Музыкальные увеселения в Средние века были по-своему «высоки». Прежде всего - в чисто художественном плане. Конечно, большая часть публики искала в песнях и танцах ярко поданных импульсов танцевальности, эротики, смеха. Но поднаторевшие слушатели наслаждались - поверх будоражащих чувственность сюжетов о наивной девице, которую «ibi deflorare», - художественным изобретением, его «соттили». Под «соттили» подразумевалась изощренная нюансированность напева и игры, а также - тихозвучные смычковые и щипковые инструменты, акустически выражавшие идеал «сладостности», «чарующей нежности», тонкости выдумки. Взаимопроникновение качеств «гросси» и «соттили» в средневековом менестрельстве превращало музыкальное увеселение из простого «потакания» развлекательным потребностям в рафинированную художественно-интеллектуальную игру.

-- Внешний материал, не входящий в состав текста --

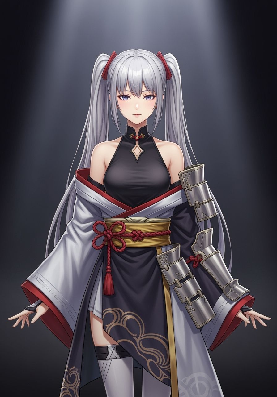 This image shows a slender, pale woman in Japanese-inspired sci-fi clothing. She has silver-white twin tails and stands in cinematic lighting, rendered in a cel-shaded anime style.

По-своему сочетались начала «гросси» и «соттили» в творчестве русских скоморохов. Их «ватаги» (более или менее постоянные труппы артистов) поражали слушателей не только акустической интенсивностью звучания и безудержностью «играния и плясания». Сильнейшим средством «расковывания» публики был глум. Скоморохи пели глумливые песни (вроде «Службы кабаку», пародирующей
православный ритуал) и даже непосредственно глумились над своей аудиторией (зафиксированы случаи шутовского вымогательства, воровства и драк, которые скоморохи устраивали в «осчастливленных» их гастролями селениях). Нарушая привычный порядок жизни, скоморохи переключали «будни» в «праздник», - «праздник» со специфически отечественными чертами, вроде разбитых физиономий и материального ущерба. В то же время «глум» оттачивался в духе «соттили», в направлении рафинированно-абсурдистского манипулирования со штампами официальной словесности, которые становились материалом для причудливой балагурной мозаики. Вот фрагмент из «Росписи о приданом» XVII века:
«Вначале 8 дворов крестьянских
промеж Лебедяни, на Старой Резани, не доезжая Казани,
где пьяных вязали
меж неба и земли, поверх лесу и воды.
Да 8 дворов бобыльских,
в них полтора человека с четвертью,
3 человека деловых людей, 4 человека в бегах
да 2 человека в бедах,
один в тюрьме, а другой в воде <.. >
Да в тех же дворах сделано
конюшня, в ней 4 журавля стоялых,
один конь гнед, а шерсти на нем нет,
передом сечет, а задом волочет
да 2 кошки дойных»6
В развлекательной музыке Средневековье кончилось в XVIII веке. Устный профессионализм деградировал под влиянием письменной композиции, светская область которой вырабатывала свой кодекс развлекательности, предназначенный для аристократической публики. Поскольку вкусы высшего сословия в обществе, в котором средний класс стремился к власти, становились престижной этикеткой, постольку и письменное музыкальное мышление распространялось из дворянских концертных собраний в сферу общедоступности. Разумеется, при этом письменные стили огрублялись. Вытеснив устную импровизацию, они снизили планку развлекательного артистизма. Утрату кодекса мастерства пришлось компенсировать иными эффектами.